Below code prints only 2-Nov-2018; how do I modify the code so that both the date formats are picked.
import re
string = "some text contains 2-Nov-2018 and 3-11-2018"
date = re.findall('\d{1,2}[/-]\D{1,8}[/-]\d{2,4}', string)
print(date)
Below code prints only 2-Nov-2018; how do I modify the code so that both the date formats are picked.
import re
string = "some text contains 2-Nov-2018 and 3-11-2018"
date = re.findall('\d{1,2}[/-]\D{1,8}[/-]\d{2,4}', string)
print(date)
I think the simplest thing would be to write multiple patterns.
(Assuming you are just looking for these two patterns -- obviously gets more complicated to do yourself if you are looking for every possible date format)
import re
date_string = "some text contains 2-Nov-2018 and 3-11-2018"

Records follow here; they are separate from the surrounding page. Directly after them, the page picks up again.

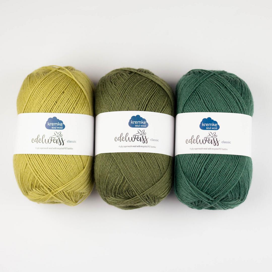 Im Set enthalten:• Kremke Edelweiss Alpaka 4-fach (25 g = 100 m) 65 % Schurwolle, 25 % Polyamid, 10 % Alpaka
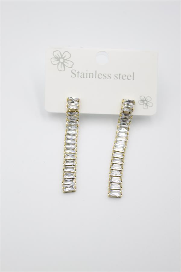 Büyük Baget Taşlı Çelik Küpe - Altın
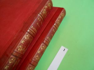 NATALIS, S.J. Approuvée par une bulle spéciale du souverain pontife CLEMENT VIII. Paris Pilon éditeur, 1853, 2 volumes grand in-folio (44 x 20 cm), 160-111pages, demi chagrin et percaline, rouges, plats décorés de croix à froid, dos à nerfs richement ornés. Les rousseurs des serpentes ont permis de garder fraîches les gravures. RELIURES signées « BUCHET relieur à ABBEVILLE ». Ex-libris d’ANVILLE.
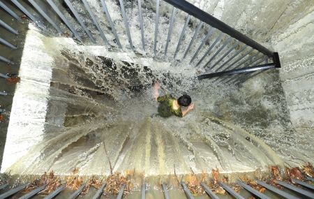 汇集的雨水灌入小天南街一地下车库内 谭曦摄
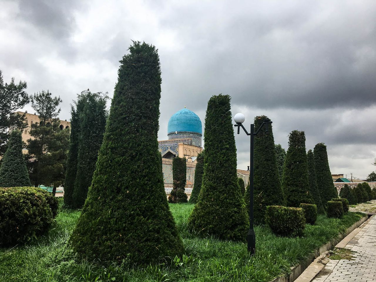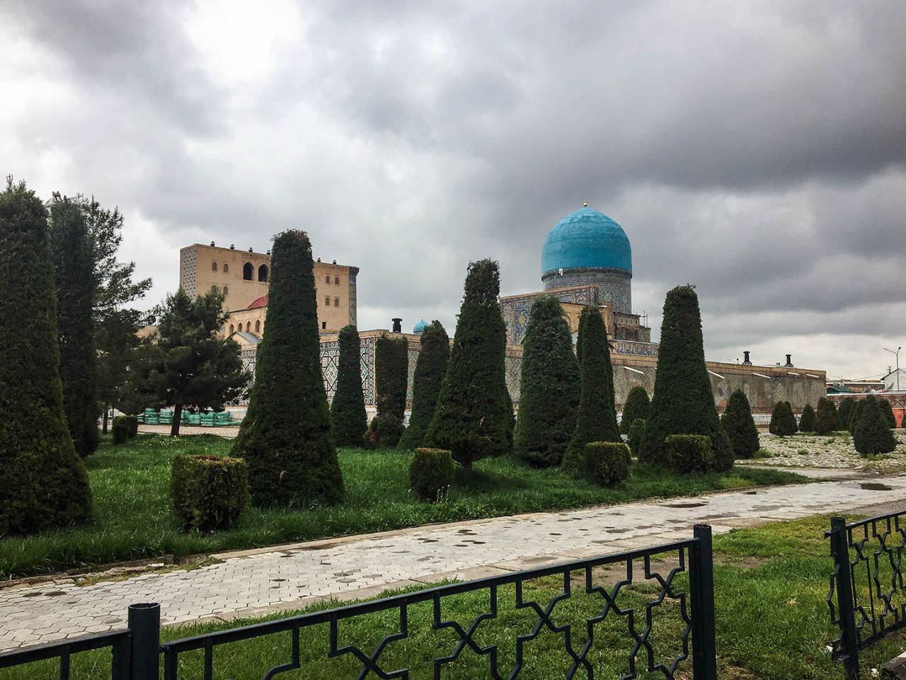 В действительности на современной площади Регистан в Самарканде мы не заметили ни песчинки. Более того, омытая дождем, она сверкала, как зеркало.
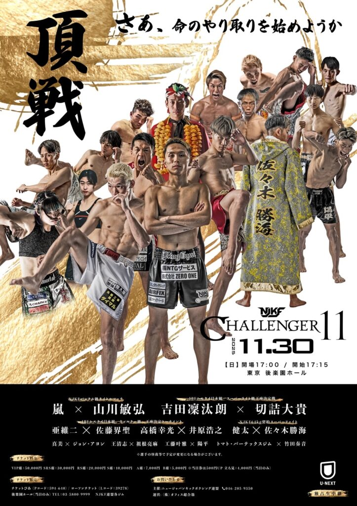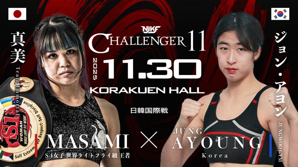 「NJKF CHALLENGER」は、このNJKFが主催する一連の大会シリーズのひとつで、単なる 興行ではなく、「挑戦者(Challenger)」という言葉どおり、“挑戦” や“新星発掘/トップ選手との対戦の舞台”という性格が強いイベントとして設定されているのが特徴です。
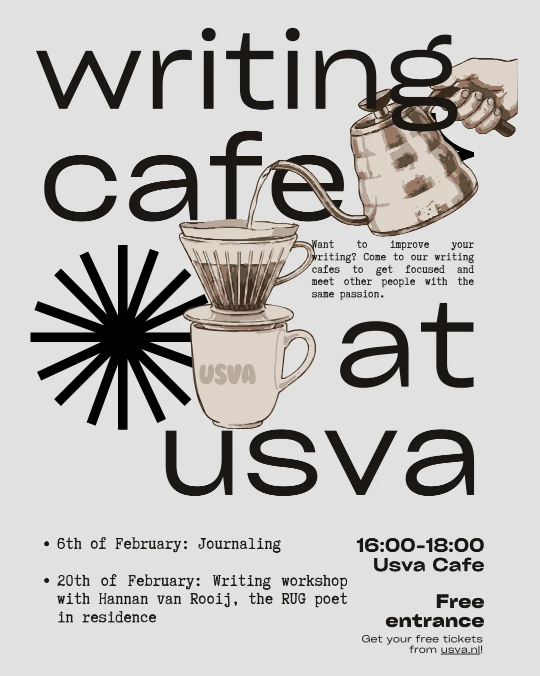 Want to improve your writing? Come to our writing cafes to get focussed and meet other people with the same passion. On the 6th of february we are hosting a chill Journaling cafe where you can focus and share ideas.

formats = [r'\d{1,2}[/-]\D{1,8}[/-]\d{2,4}', # List of patterns
r'\d{1,2}[/-]\d{1,2}[/-]\d{2,4}']
dates = re.findall('|'.join(formats), date_string) # Join with | operator
dates
# ['2-Nov-2018', '3-11-2018']
To standardize the dates after this, you could try something like pandas.to_datetime
:
import pandas as pd
dates = ['2-Nov-2018', '3-11-2018']
std_dates = [pd.to_datetime(d) for d in dates]
std_dates
# [Timestamp('2018-11-02 00:00:00'), Timestamp('2018-03-11 00:00:00')]
As was mentioned in some comments, there may be libraries already built to do all of this for you. So if you are looking for a more general approach, I would take a look at those libraries.